In my Flow class recently we played a game around the tones and timbres of the oboe. Each of us played a scale and asked the others to identify it. You win if the other person can’t identify your scale, they win if they can.
This game is possible not because all oboists have perfect pitch – we don’t – but because the instrument has a characteristic color and quality to each note that is predictable across nearly every make and model.
The way the notes start and stop, the way they sound, and the way they react to the air is unmistakable. If I hear an oboist string two or three notes together I can tell you exactly what they are.
So in our game I was trying to encourage my oboists to listen for those characteristics and be really familiar with them – AND to work to cover them up so the instrument sounds more consistent and even than it actually is.
When you know that a C tends to be thin and overly flexible, when you know that a C# tends to be stuffy and shallow, when you know that an F might be sharp but certainly will be loud – you can easily pinpoint the key a person is playing in. It deepens your understanding of the instrument and the music, and it can help you to notice, as a listener, when a piece modulates or when the composer makes a surprising choice.
More importantly, knowing those tendencies on your own instrument gives you the ability to proactively manage them. If you know that your high A is bright and sharp, you can preemptively voice it lower and darker. If you know that your low G is flat and honky, you can sweeten and warm it up to pitch, BEFORE you hear it, overreact to it, and force it to crumple.
In an ideal world, no one besides you knows that your high F# is unstable, because YOU take care of it yourself in advance. In an ideal world, all key signatures sound the same on the oboe because they are all equally easy for the player to manage.
This distinction – between allowing your instrument to authentically sound like it wants to, because why SHOULDN’T it be ok for an oboe to sound like an oboe, versus working hard to make it sound like the most ideal version of itself – is really interesting to me and maps onto something else I’ve been thinking about.

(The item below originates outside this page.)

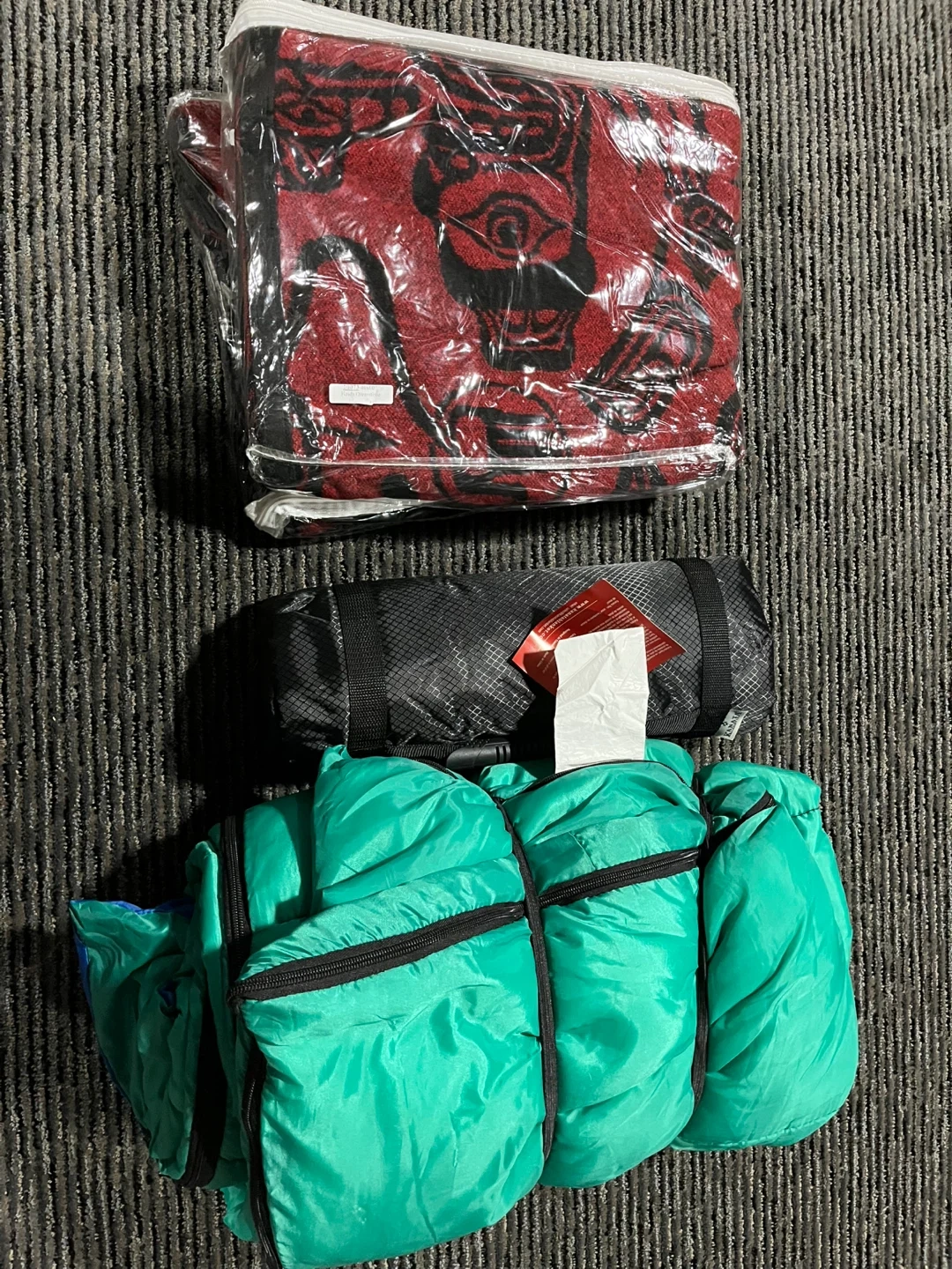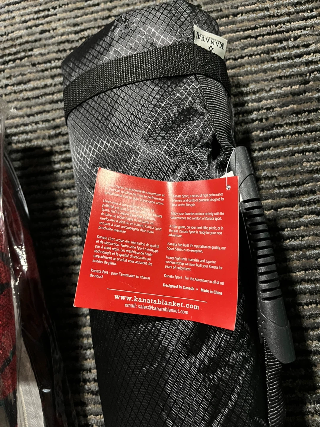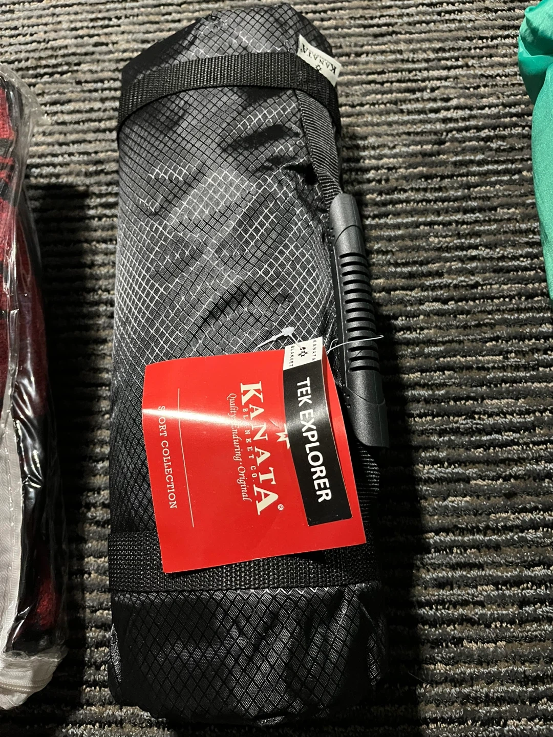 This Kanata Tek Explorer blanket is designed for outdoor use. It's made with 100% polyester fiber batting and a 100% polyester cover. Perfect for camping trips or cozying up outdoors! $15 each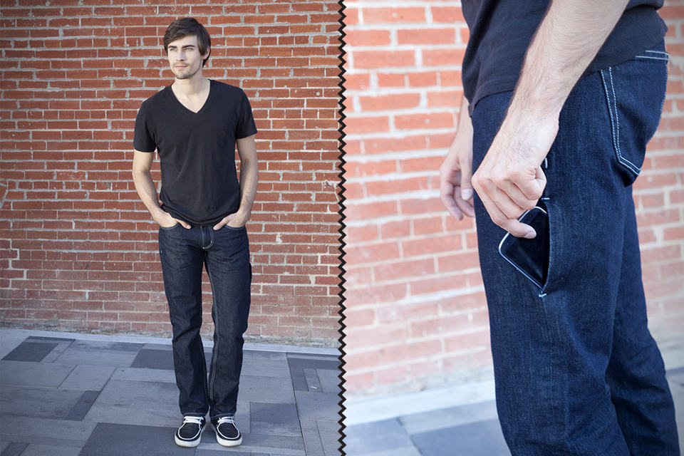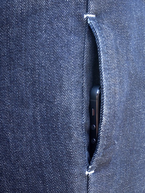 dudes. how many times have you been caught in an awkward act while trying to retrieve your smartphone from your jeans’ front pocket? we all have been in the same situation one time or another – made worst by today’s bigger phone size and tighter jeans. any how, you know what i am talking about, don’t you? strangely, large size cell phone has been around for at least two years or more now but till now, the jeans design still bear no significant changes to accommodate the changing lifestyle (more like changing phone size). there is a revolution going on and a small startup known as I/O Denim has rethought how a jean should be for today’s large cellphone-toting gentlemen. so what’s so special about I/O Denim’s jeans? well, the highlight is of course, its I/O Pocket™, a pocket located on the left-hand side of the jeans, between the knee and the hip and along the seam of the denim. this pocket is designed to accommodate iPhones with slim case or any smartphone up to 4.8-inch screen size such as the Samsung Galaxy S3. it is placed, seamlessly and unobtrusively, within your arm’s reach, so you can easily reach out and grab your phone even when seated. the first batch of I/O Denim is affectionally dubbed as the “First Edition” and features fit that is along the line of “slim fit” jeans and for a start, it will be available only in dark indigo wash. the jeans will be made from denim of 100 percent cotton, sourced from a denim mill in North Carolina and eventually manufactured in Downtown LA. the I/O Denim is currently on crowdfunding platform Kickstarter seeking your support and for a pledge of $100 or more, a pair could be yours (with delivery slated to be in February 2013). scroll down for a cool pledge video (don’t miss the intro – its hilarious!) and see the jeans in action.

I have a “voice” I put on when I’m speaking to students, to reed customers, to blog readers. It’s always positive, it always sees possibilities in the world rather than limitations, and it always tries to be helpful and loving. This voice is not inauthentic to me, it’s not a made-up construct that doesn’t match my personality. That voice IS me, but it’s not ALWAYS the way I feel at any exact moment. Sometimes I’m discouraged, or grumpy, or I haven’t slept well. But when I write or speak to people, I consider it my responsibility to bring this public persona, the best version of me, to the fore. That’s professionalism, that’s integrity.
To be fully authentic might mean that I let my frustration show at repeating myself AGAIN in a lesson. But to be a professional, to show up with integrity, I put on my public voice and I look for a more helpful way to explain the concept.
Authentic oboe playing might mean that the middle C blats or the octave G spreads. Being a professional means that I do my best to cover the deficiencies of the instrument. It’s still an oboe, but I’m trying to make it the best version of itself.
Given a choice, I’d rather show up with Integrity than with Authenticity, both in my playing and in the world. How does this distinction speak to you today?